Killer Cop sentence: Biden, Obama react


President Joe Biden and and former President Barack Obama on Tuesday reacted to the guilty verdict handed down on former police officer, Derek Chauvin for the killing a 48-year black, George Floyd.

While President Biden called the family of the late George and called the guilty verdict “some justice, Obama, in a statement said, “justice is closer”.

“Nothing is going to make it all better,” Biden said. “At least God, now there’s some justice”, said President Biden.

He disclosed that he and his Vice President Kamala Harris have been watching the trial.

“We’re all so relieved,” he said, adding, “Guilty on all three counts.”

“It’s really important,” he added.

He promised further changes, saying: “We’re going to get a lot more done. We’re going to do a lot.”

Vice President Kamala Harris then spoke of the family’s “courage” and “strength.”

“This is a day of justice in America,” Harris told Floyd’s family over the phone.

She told the family they’ve been “real leaders at this moment where we needed you.”

“In George’s name and memory we’re going to make sure that his legacy is intact and that history will look back at this moment and know that… he had to sacrifice so much, your family did too.”

“We really do believe that with your leadership and with the president we have in the White House that we’re going to make something good come out of this tragedy.”

Barack Obama

In a statement he released just after the verdict, Obama said: “For almost a year, George Floyd’s death under the knee of a police officer has reverberated around the world — inspiring murals and marches, sparking conversations in living rooms and new legislation. But a more basic question has always remained: would justice be done?

“In this case, at least, we have our answer. But if we’re being honest with ourselves, we know that true justice is about much more than a single verdict in a single trial.

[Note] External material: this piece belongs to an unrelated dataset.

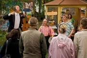 Ratten - Der Fänger von BärstadtDie Löwenzahn-"Familie"- (von li. nach re.): Herr Paschulke (Helmut Krauss), Fritz Fuchs (Guido Hammesfahr), Keks, Schwester Suse (Eva Mannschott) und Kioskbesitzerin Yasemin (Sanam Afrashteh)Bild: © ZDF und Thomas Bergmann

“True justice requires that we come to terms with the fact that Black Americans are treated differently, every day. It requires us to recognize that millions of our friends, family, and fellow citizens live in fear that their next encounter with law enforcement could be their last. And it requires us to do the sometimes thankless, often difficult, but always necessary work of making America we know more like America we believe in.

“While today’s verdict may have been a necessary step on the road to progress, it was far from a sufficient one. We cannot rest. We will need to follow through with the concrete reforms that will reduce and ultimately eliminate racial bias in our criminal justice system. We will need to redouble efforts to expand economic opportunity for those communities that have been too long marginalized.

“And as we continue the fight, we can draw strength from the millions of people — especially young people — who have marched and protested and spoken up over the last year, shining a light on inequity and calling for change. Justice is closer today not simply because of this verdict, but because of their work.